Task statement
Every line of the listing belongs in your answer exactly as written; the images do not.
_____
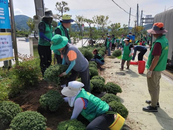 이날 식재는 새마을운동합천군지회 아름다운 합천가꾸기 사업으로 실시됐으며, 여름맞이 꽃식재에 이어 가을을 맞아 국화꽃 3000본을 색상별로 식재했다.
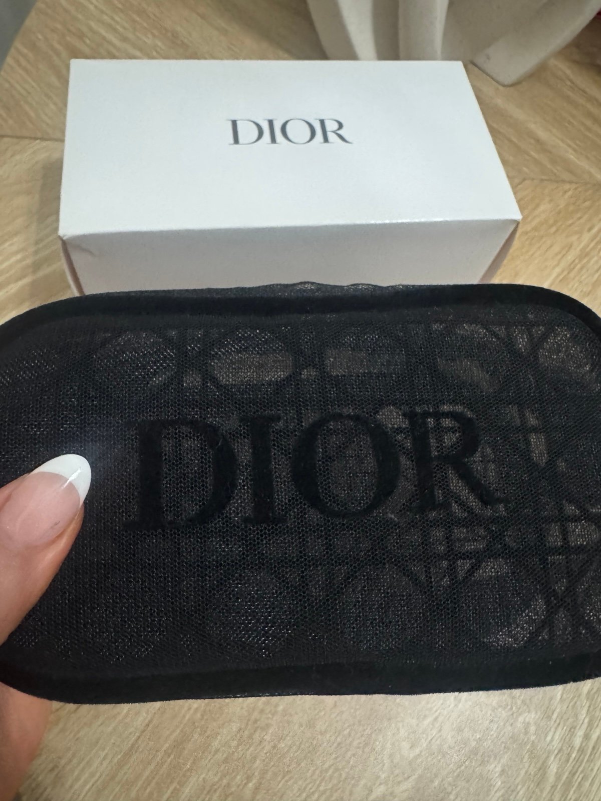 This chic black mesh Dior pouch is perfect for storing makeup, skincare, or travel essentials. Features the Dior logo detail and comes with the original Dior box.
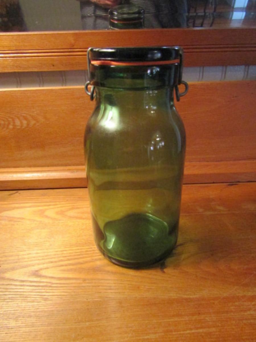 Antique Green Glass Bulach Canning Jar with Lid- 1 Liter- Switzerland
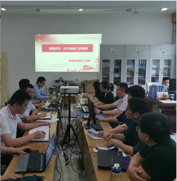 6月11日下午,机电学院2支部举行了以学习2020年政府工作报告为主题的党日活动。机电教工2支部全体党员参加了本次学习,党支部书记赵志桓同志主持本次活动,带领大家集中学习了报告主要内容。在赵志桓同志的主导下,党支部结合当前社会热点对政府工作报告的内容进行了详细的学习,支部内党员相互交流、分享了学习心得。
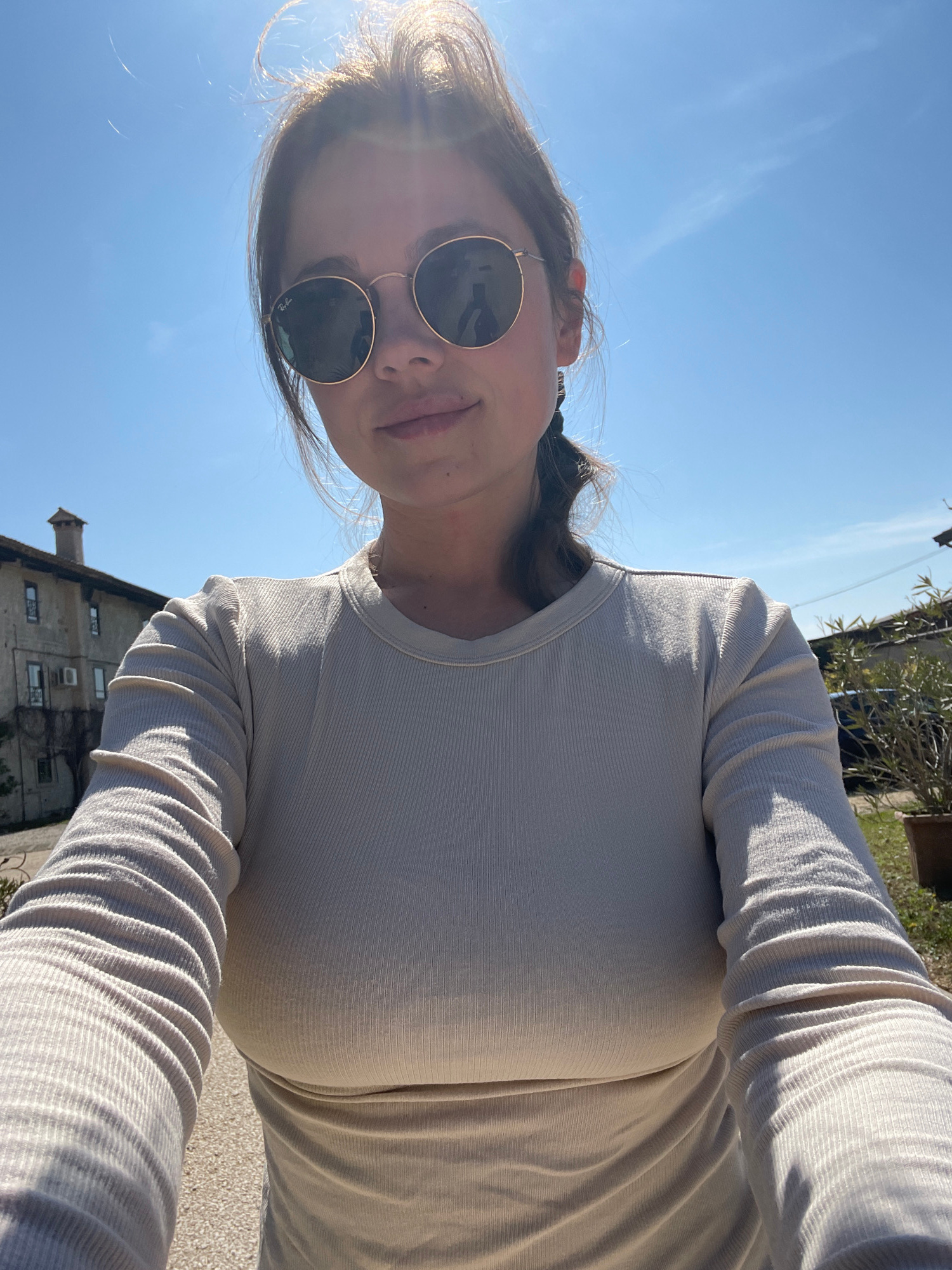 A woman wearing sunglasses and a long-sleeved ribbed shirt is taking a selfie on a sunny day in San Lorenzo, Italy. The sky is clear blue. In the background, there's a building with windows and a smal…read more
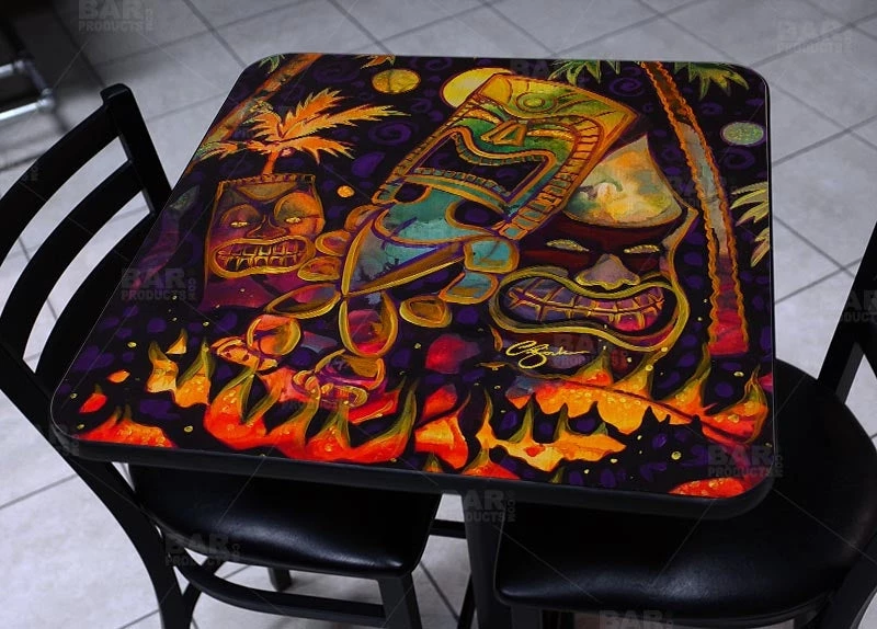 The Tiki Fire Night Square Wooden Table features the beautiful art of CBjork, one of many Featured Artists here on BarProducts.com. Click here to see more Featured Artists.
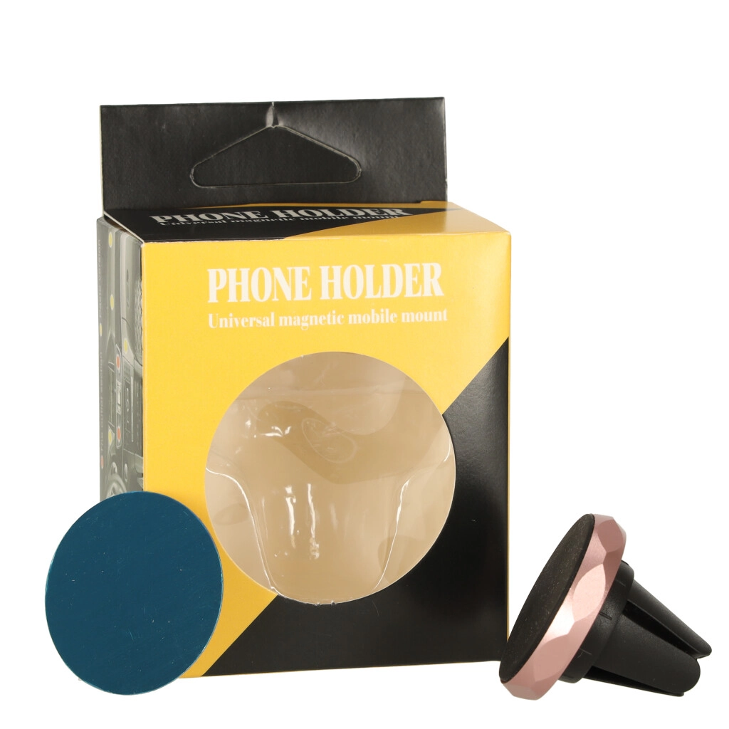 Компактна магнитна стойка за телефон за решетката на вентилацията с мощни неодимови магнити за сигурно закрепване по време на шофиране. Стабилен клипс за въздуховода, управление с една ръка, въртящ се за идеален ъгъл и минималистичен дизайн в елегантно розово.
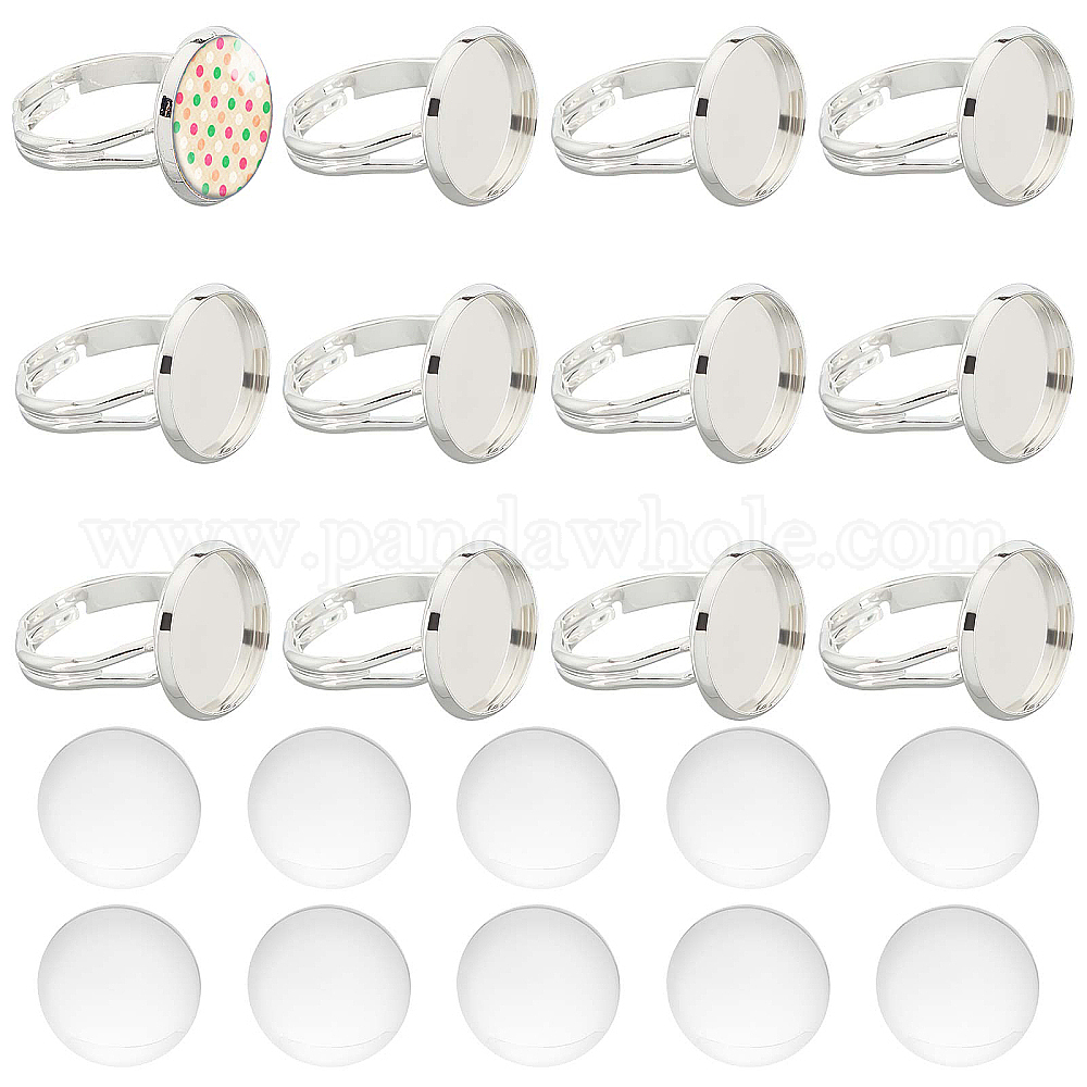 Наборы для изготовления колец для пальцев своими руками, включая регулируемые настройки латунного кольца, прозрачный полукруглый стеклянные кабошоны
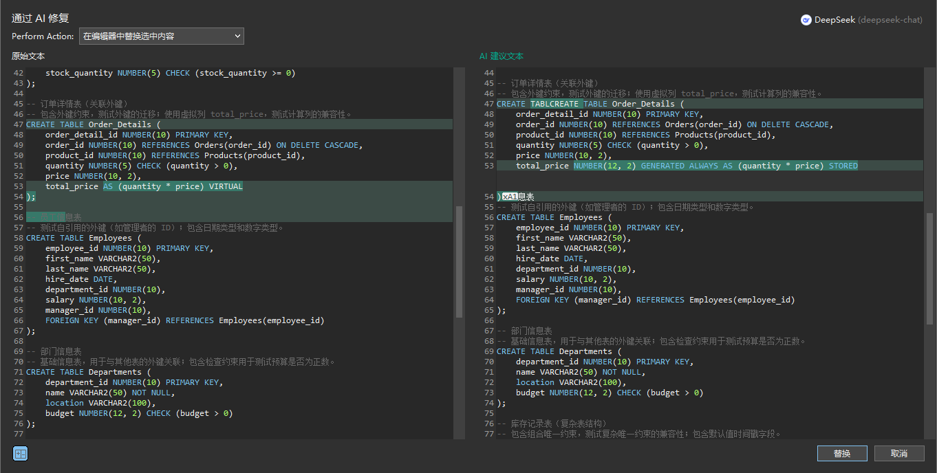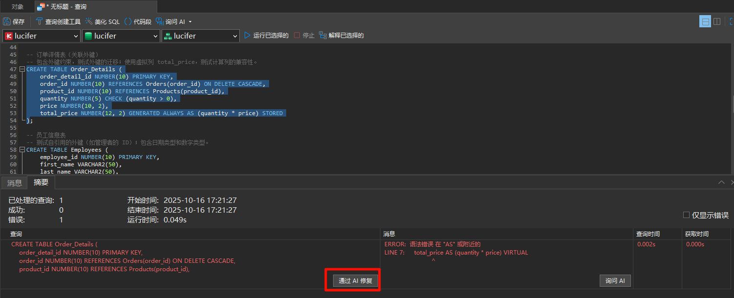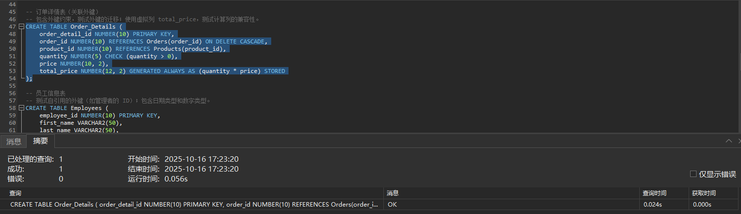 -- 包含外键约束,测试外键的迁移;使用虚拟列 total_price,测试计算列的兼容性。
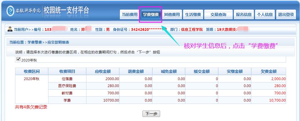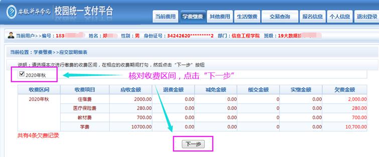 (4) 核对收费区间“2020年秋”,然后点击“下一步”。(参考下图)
_____
Answer space
 이날 식재는 새마을운동합천군지회 아름다운 합천가꾸기 사업으로 실시됐으며, 여름맞이 꽃식재에 이어 가을을 맞아 국화꽃 3000본을 색상별로 식재했다.
 This chic black mesh Dior pouch is perfect for storing makeup, skincare, or travel essentials. Features the Dior logo detail and comes with the original Dior box.
 Antique Green Glass Bulach Canning Jar with Lid- 1 Liter- Switzerland
 6月11日下午,机电学院2支部举行了以学习2020年政府工作报告为主题的党日活动。机电教工2支部全体党员参加了本次学习,党支部书记赵志桓同志主持本次活动,带领大家集中学习了报告主要内容。在赵志桓同志的主导下,党支部结合当前社会热点对政府工作报告的内容进行了详细的学习,支部内党员相互交流、分享了学习心得。
 A woman wearing sunglasses and a long-sleeved ribbed shirt is taking a selfie on a sunny day in San Lorenzo, Italy. The sky is clear blue. In the background, there's a building with windows and a smal…read more
 The Tiki Fire Night Square Wooden Table features the beautiful art of CBjork, one of many Featured Artists here on BarProducts.com. Click here to see more Featured Artists.
 Компактна магнитна стойка за телефон за решетката на вентилацията с мощни неодимови магнити за сигурно закрепване по време на шофиране. Стабилен клипс за въздуховода, управление с една ръка, въртящ се за идеален ъгъл и минималистичен дизайн в елегантно розово.
 Наборы для изготовления колец для пальцев своими руками, включая регулируемые настройки латунного кольца, прозрачный полукруглый стеклянные кабошоны
 -- 包含外键约束,测试外键的迁移;使用虚拟列 total_price,测试计算列的兼容性。
 (4) 核对收费区间“2020年秋”,然后点击“下一步”。(参考下图)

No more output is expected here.